Your assignment: The line with "XS号连帽卫衣男韩版修身纯色打底衫矮小个子秋冬百搭上衣小码外套" and each line following it, up to the final line of the data, should be set down exactly; pictures stay out.

Data shown:
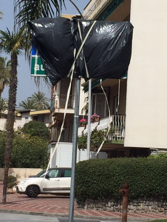 Interviene in questo modo il PD cittadino, che prosegue: “L’Amministrazione di Centro Destra ha consentito ad utilizzare i sacchetti della spazzatura per coprire alcuni cartelli stradali, predisposti in occasione del cambio di viabilità all’epoca dei lavori di ristrutturazione del ponte sul tratto della via Aurelia all’altezza dei Piani di Borghetto, lavori risalenti allo scorso anno. Quale testimonianza di decoro, anche semplicemente a livello simbolico, viene data, con tali atti di trascuratezza e di sciatteria, a danno della nostra città? A Bordighera l’attuale Amministrazione di Centro Destra rende definitivo ciò che è provvisorio e precario. Anche la rotatoria, allestita provvisoriamente all’epoca dei lavori del ponte sul tratto della via Aurelia, da provvisoria, è tutt’oggi ancora là dov’era un anno fa, a testimoniare la qualità e peculiarità del modus operandi dell’Amministrazione Pallanca fondata sulla dimenticanza, sulla rimozione, sull’abbandono e sul trascurare alcune zone della Città proferendo, contro ogni evidenza, che loro ‘sono l’Amministrazione ‘del fare’.”
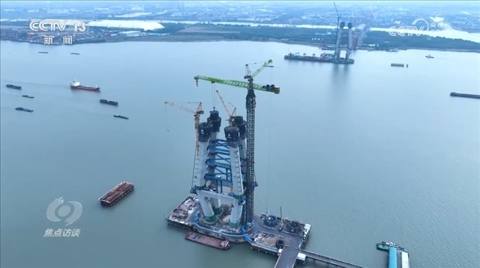 央視網(wǎng)消息(焦點訪談):近些年來,中國在多個領(lǐng)域創(chuàng)造了大量的世界之最。這一個個的 “世界首次”“世界第一”深刻地改變了中國,也令世界驚嘆。從今天起《焦點訪談》欄目推出“登攀”系列節(jié)目,我們來看一看中國奇跡誕生背后的故事?!胺晟介_路、遇水架橋”,這是中國基建人的日常,他們不斷突破,創(chuàng)造了一個個登頂世界之最的基建名場面。今天我們要講的是一座修建當(dāng)中的長江大橋——位于江蘇常州和泰州之間的常泰長江大橋,作為世界上在建的最大跨度的公鐵兩用斜拉橋,這座大橋在建設(shè)的過程當(dāng)中遇到了很多困難,也頻頻上演著突破和創(chuàng)新。
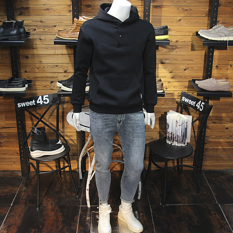 XS号连帽卫衣男韩版修身纯色打底衫矮小个子秋冬百搭上衣小码外套
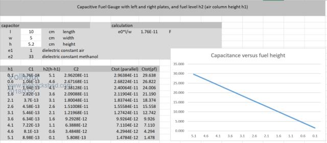From experiments (later confirmed by calculation) the location of the plates determines the exact relation between fuel level and capacitance.

Written answer:
 XS号连帽卫衣男韩版修身纯色打底衫矮小个子秋冬百搭上衣小码外套
From experiments (later confirmed by calculation) the location of the plates determines the exact relation between fuel level and capacitance.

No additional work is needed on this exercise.